As debriefing is conversational, bidirectional, interactive and reflective [17], the experience and evaluation of students in debriefing is important. There are some instuments for debriefing evaluation. For example, the Objective Structured Assessment of Debriefing is a often-reported tool to assess a debriefer’s performance [12]; the Debriefing Assessment for Simulation in Healthcare evaluates debriefing by examining debrefier’s concrete behaviors [13]; while the Peer Assessment Debriefing Instrument could be used as a self and peer assessment in evaluation [14]. But there is still a lack of knowledge about the perceptions of students regarding the debriefing experience [15]. Reed [15] developed the Debriefing Experience Scale (DES) to explore nursing students’ subjective experiences during debriefing. In Reed’s research, a validation study of this scale was carried out with 130 nursing students. The results showed that the internal consistency reliability, measured by Cronbach’s alpha, was reported to be 0.93 for the experience scale and 0.91 for the importance scale [15]. The scale has been translated into Norwegian [18] and Portuguese [19], and these translations have shown good psychometric properties and potential for use. There is no report of a Chinese version of the DES that has been verified for reliability and validity.
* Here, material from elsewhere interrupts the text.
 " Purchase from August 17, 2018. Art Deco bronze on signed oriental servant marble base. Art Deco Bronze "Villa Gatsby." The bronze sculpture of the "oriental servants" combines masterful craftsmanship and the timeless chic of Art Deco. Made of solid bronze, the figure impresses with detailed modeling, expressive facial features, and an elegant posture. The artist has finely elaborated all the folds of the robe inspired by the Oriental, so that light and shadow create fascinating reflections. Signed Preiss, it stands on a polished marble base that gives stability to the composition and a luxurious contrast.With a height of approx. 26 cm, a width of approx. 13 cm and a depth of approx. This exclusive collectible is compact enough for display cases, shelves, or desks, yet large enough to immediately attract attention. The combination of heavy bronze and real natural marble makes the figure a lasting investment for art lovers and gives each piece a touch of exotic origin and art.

This study aimed to translate the DES into a Simplified Chinese version, and determine its reliability and validity.


Study design

The study is an instrument adaption with psychometric testing. A cross-sectional study design was used.
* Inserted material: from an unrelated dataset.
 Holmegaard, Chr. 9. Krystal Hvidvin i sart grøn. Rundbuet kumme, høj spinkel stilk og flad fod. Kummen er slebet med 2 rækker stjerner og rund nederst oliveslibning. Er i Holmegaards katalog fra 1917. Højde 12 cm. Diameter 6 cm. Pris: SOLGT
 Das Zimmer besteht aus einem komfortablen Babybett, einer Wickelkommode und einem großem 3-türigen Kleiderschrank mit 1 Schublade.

Instruments: debriefing experience scale

The Debriefing Experience Scale (DES) was developed by Reed [15] to measure (a) the experience of students during debriefing and (b) the importance of these experiences to the student. The DES has 20 items which are divided into four subscales. For each item, study participants were asked to evaluate both the student experience and the perceived importance of the item using a five-point Likert-type rating scale. The experience scale was rated from 1 (strongly disagree) to 5 (strongly agree), including the alternative of not applicable (NA), that is, the statement had nothing to do with the reporting activities carried out. The importance scale was rated from 1 (not important) to 5 (very important).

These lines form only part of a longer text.